Beneath this line are the data; copy exactly the part of them that opens with the line containing "This 2,040 sq" and closes with the line containing "XINYEXIN Cover per", and only that part.

EXCERPTED RECORDS.
______

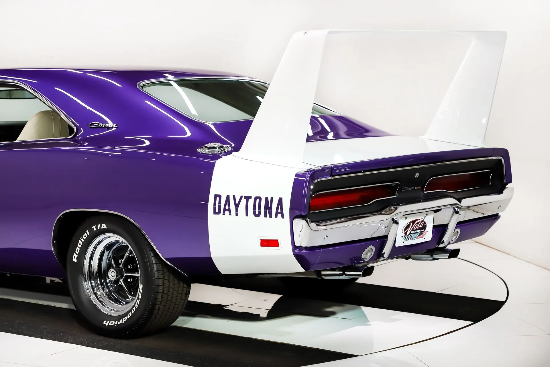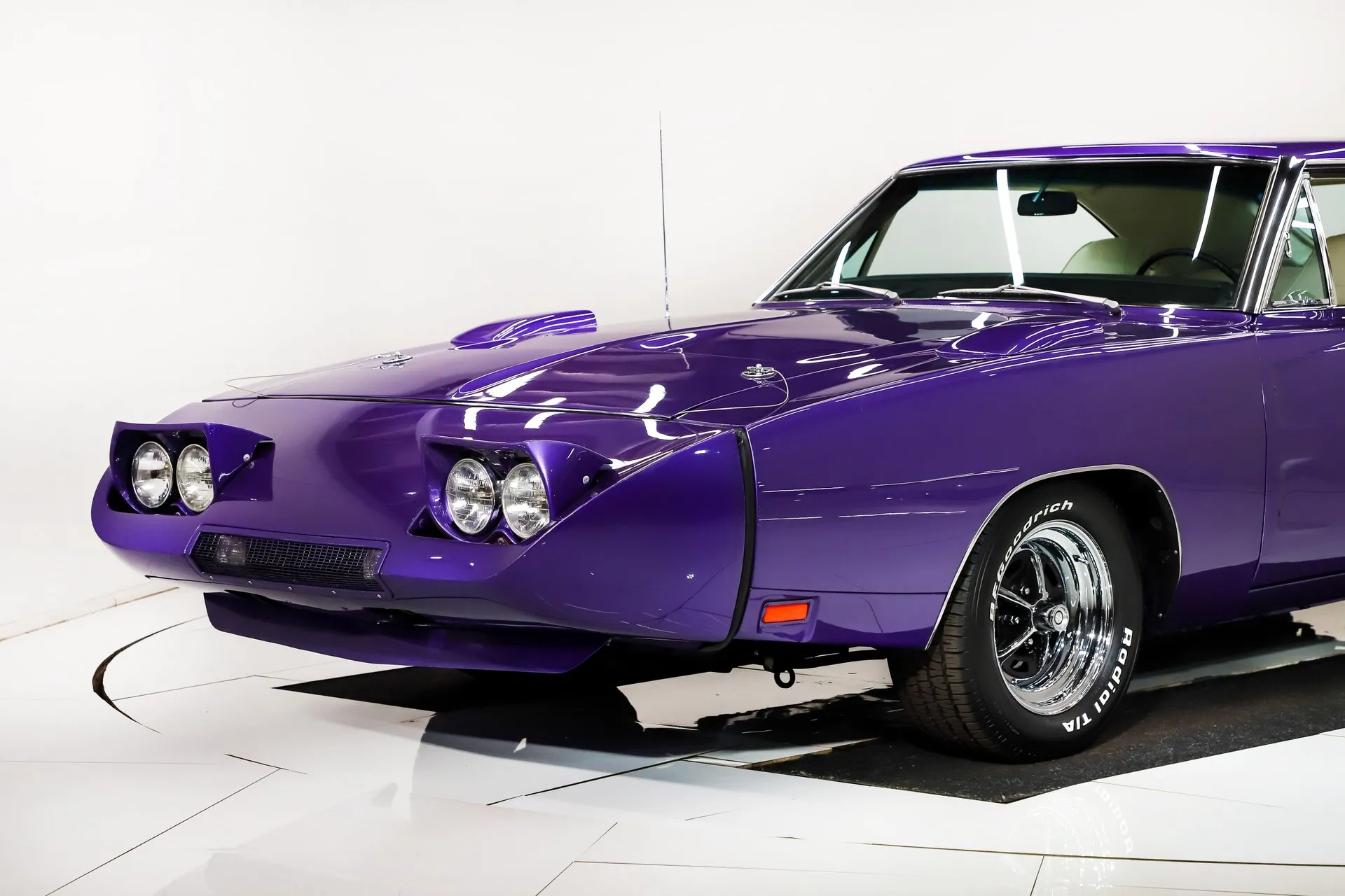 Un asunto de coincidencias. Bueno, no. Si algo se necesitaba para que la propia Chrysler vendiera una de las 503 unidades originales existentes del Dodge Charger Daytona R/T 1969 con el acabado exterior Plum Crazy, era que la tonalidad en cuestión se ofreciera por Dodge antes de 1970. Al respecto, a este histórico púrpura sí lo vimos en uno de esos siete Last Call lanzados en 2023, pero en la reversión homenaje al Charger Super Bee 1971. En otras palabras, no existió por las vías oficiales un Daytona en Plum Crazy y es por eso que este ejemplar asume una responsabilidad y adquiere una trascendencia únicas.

______

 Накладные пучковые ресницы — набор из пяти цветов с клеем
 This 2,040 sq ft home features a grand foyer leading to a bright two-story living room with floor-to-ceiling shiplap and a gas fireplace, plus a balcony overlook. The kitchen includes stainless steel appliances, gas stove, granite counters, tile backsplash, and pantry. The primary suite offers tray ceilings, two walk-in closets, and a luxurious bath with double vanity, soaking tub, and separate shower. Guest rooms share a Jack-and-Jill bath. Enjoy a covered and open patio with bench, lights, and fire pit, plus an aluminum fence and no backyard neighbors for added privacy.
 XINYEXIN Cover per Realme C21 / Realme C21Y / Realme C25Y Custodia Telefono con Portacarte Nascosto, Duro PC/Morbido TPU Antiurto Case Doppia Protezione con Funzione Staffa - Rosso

______

RESULT OF THIS TASK.
 This 2,040 sq ft home features a grand foyer leading to a bright two-story living room with floor-to-ceiling shiplap and a gas fireplace, plus a balcony overlook. The kitchen includes stainless steel appliances, gas stove, granite counters, tile backsplash, and pantry. The primary suite offers tray ceilings, two walk-in closets, and a luxurious bath with double vanity, soaking tub, and separate shower. Guest rooms share a Jack-and-Jill bath. Enjoy a covered and open patio with bench, lights, and fire pit, plus an aluminum fence and no backyard neighbors for added privacy.
 XINYEXIN Cover per Realme C21 / Realme C21Y / Realme C25Y Custodia Telefono con Portacarte Nascosto, Duro PC/Morbido TPU Antiurto Case Doppia Protezione con Funzione Staffa - Rosso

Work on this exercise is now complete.